- Born: 26 January 1947 Bugis, Singapore
- Died: 10 January 2021 (aged 73) Singapore
- Notable awards: Singapore Literature Prize (2004, 2008, 2012) Cultural Medallion for Literature (2003) S.E.A. Write Award (2013)
- Spouse: Goh Beng Choo
- Children: Ying Ke Wei

= Yeng Pway Ngon =

Singaporean writer (1947–2021)

Yeng Pway Ngon (英培安 (Eng Pôe-an, Jing1 Pui4 On1, Yīng Péi'ān); 26 January 194710 January 2021) was a Singaporean poet, novelist and critic in the Chinese literary scene in Singapore, Malaysia, Hong Kong and Taiwan.

A prolific writer, Yeng's works have been translated into English, Malay, Dutch and Italian. Yeng has been a recipient of the Singapore Book Award, the Singapore Literature Prize (four times), and the Southeast Asian Writers Award (also known as the S.E.A. Write Award). For his contributions to the literary scene, Yeng was awarded the Cultural Medallion for Literature in 2003.

==Early life==
Yeng was born in the Bugis area of Singapore in 1947. His father was a Chinese physician who came from China and his mother worked in a coffee shop in the area. Yeng's parents married during the Japanese Occupation (1942–1945).

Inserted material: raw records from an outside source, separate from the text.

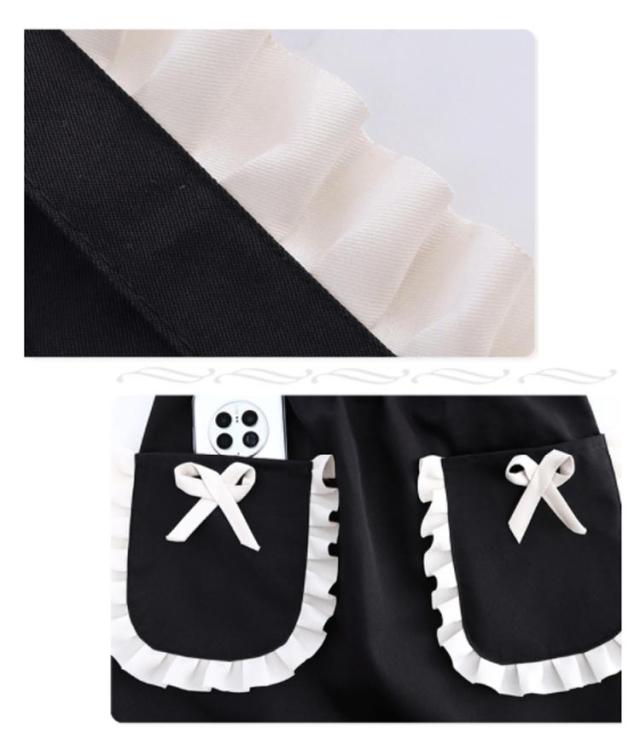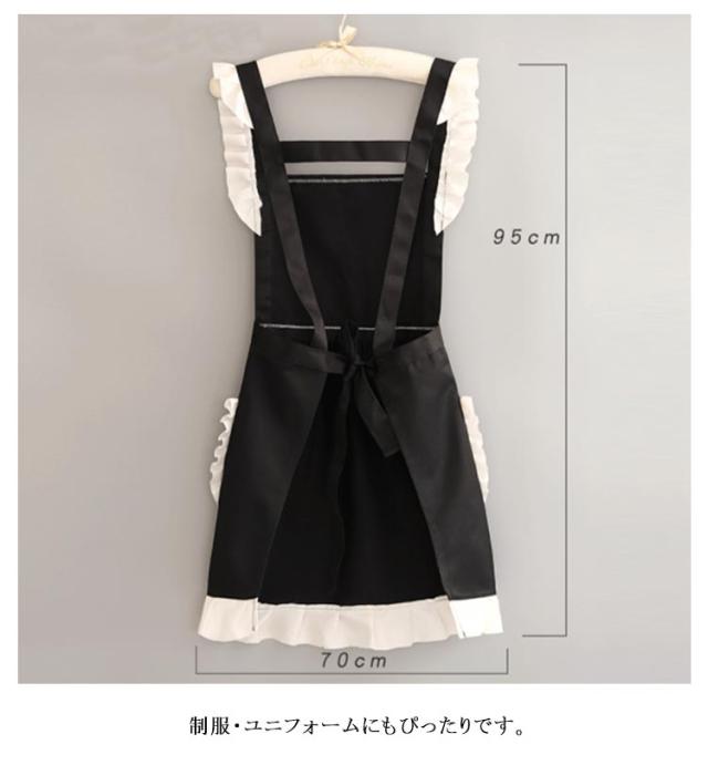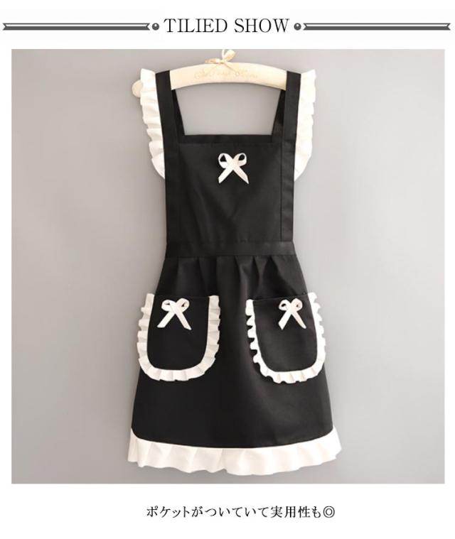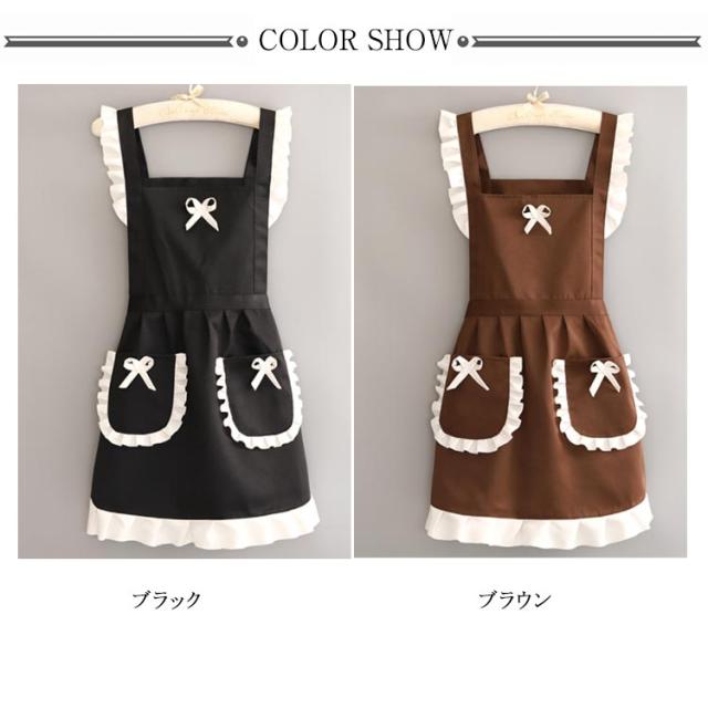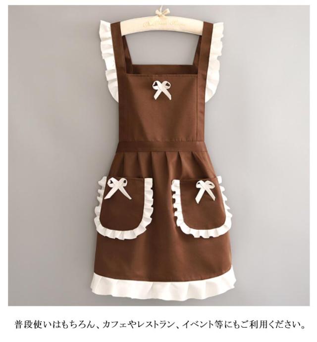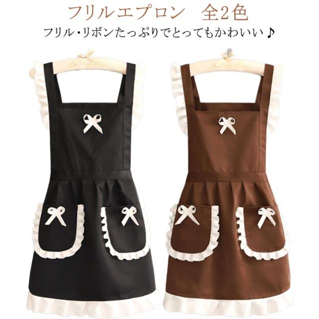 レストラン メイド フリルエプロン カフェ ワンピースエプロン 膝下 おしゃれ フリル 女性用 エプロン かわいい ポケット付き おしゃれ リボン 撥水 制服 コスプレ ユニフォーム レディース 大人 フリルエプロン ブラック ブラウン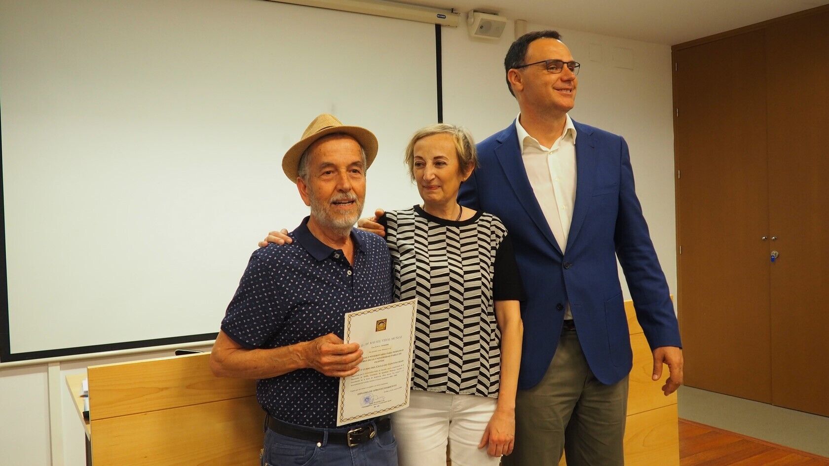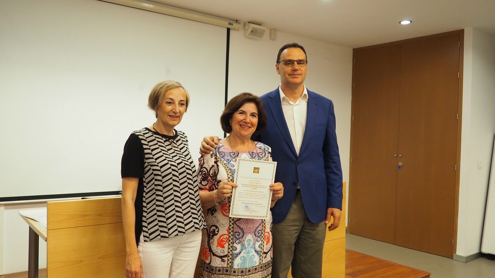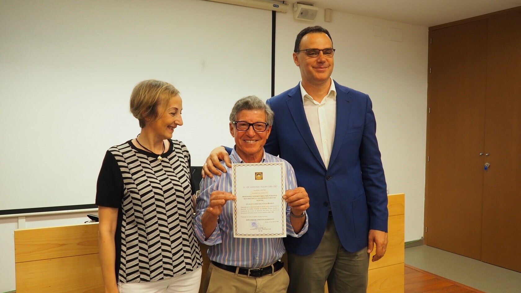 El acto de clausura también contó con la entrega de diplomas, la intervención de representantes de cada grupo para agradecer el trabajo de todos aquellos agentes implicados en la puesta en marcha del Aula Abierta de Mayores, como son la Universidad Pablo de Olavide, la Diputación de Sevilla y el Ayuntamiento de Lebrija, y la proyección de la obra ‘Grano a grano se hace granero’, un trabajo hecho por el alumnado y ya expuesto en la propia Universidad, dedicado a los objetivos en materia de desarrollo sostenible.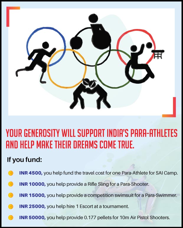 I have undertaken this campaign because being able to support the Indian Para-Athletes who have made our country proud is incredible. Para-sports is extremely capital intensive. Costs for obtaining personalised equipment, training and costs for travel, visa, stay etc. for the athletes is very expensive. Hence with our support, the profile and performance of India’s Paralympic athletes can be strengthened. This will help them achieve their dreams at the national and international events.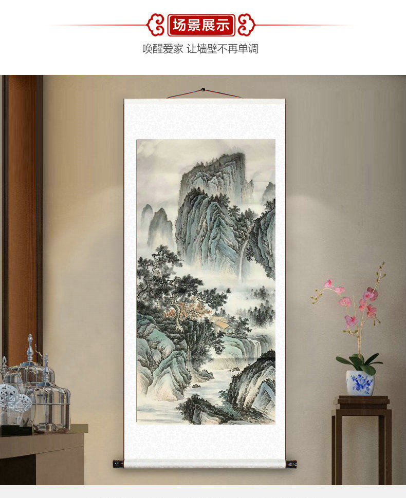 Hand drawing 4-ruler midway antique Chinese landscape country painting Water ink green Xuan paper painting Core Xuanguan Corridor decorative calligraphy and painting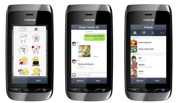 La primera versión de LINE para móviles Asha de Nokia estará disponible para toda la gama de dispositivos complentamente táctiles, es decir para el siguiente listado:

Yeng graduated from Ngee Ann College with a Bachelor of Arts in Chinese Literature in 1969. As a student, Yeng excelled in Chinese and art classes at Catholic High School, Singapore, but scraped through or failed everything else. He decided to embark on writing after submitting a sonnet in lieu of an essay on any subject in Chinese class. His teacher gave him a good grade, and the poem was published in a newspaper.

==Career==
From 1978 to 1983, Yeng worked as a newspaper columnist for Nanyang Siang Pau writing for the column "Chang Hua Duan Shuo". In 1983, Nanyang Siang Pau merged with Sin Chew Jit Poh to become Lianhe Zaobao. Yeng continued contributing as a columnist for the newspaper's "Ren Zai Jiang Hu" column.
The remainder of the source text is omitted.